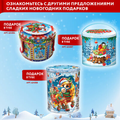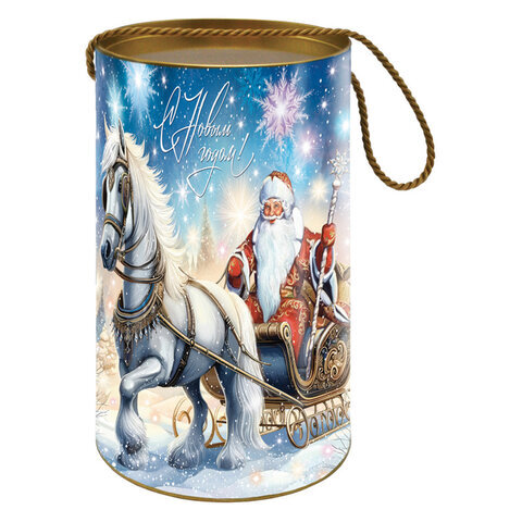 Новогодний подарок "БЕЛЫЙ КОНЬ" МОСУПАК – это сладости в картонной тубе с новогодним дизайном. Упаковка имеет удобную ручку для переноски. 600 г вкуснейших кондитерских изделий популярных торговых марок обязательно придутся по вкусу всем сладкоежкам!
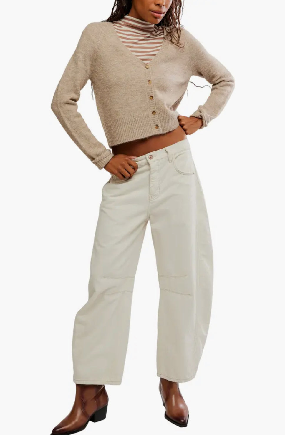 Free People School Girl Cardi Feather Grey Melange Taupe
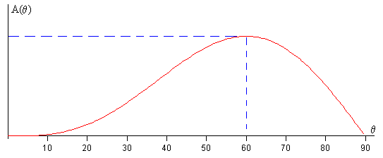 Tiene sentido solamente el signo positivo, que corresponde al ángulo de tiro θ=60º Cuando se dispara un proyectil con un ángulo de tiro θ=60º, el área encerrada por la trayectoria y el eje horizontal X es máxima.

- WORK INSTRUCTIONS -
Take the lines from the start of the material to the line with "Free People School", both included, and transcribe them exactly without the pictures.

- EXERCISE RESULT -
 Новогодний подарок "БЕЛЫЙ КОНЬ" МОСУПАК – это сладости в картонной тубе с новогодним дизайном. Упаковка имеет удобную ручку для переноски. 600 г вкуснейших кондитерских изделий популярных торговых марок обязательно придутся по вкусу всем сладкоежкам!
 Free People School Girl Cardi Feather Grey Melange Taupe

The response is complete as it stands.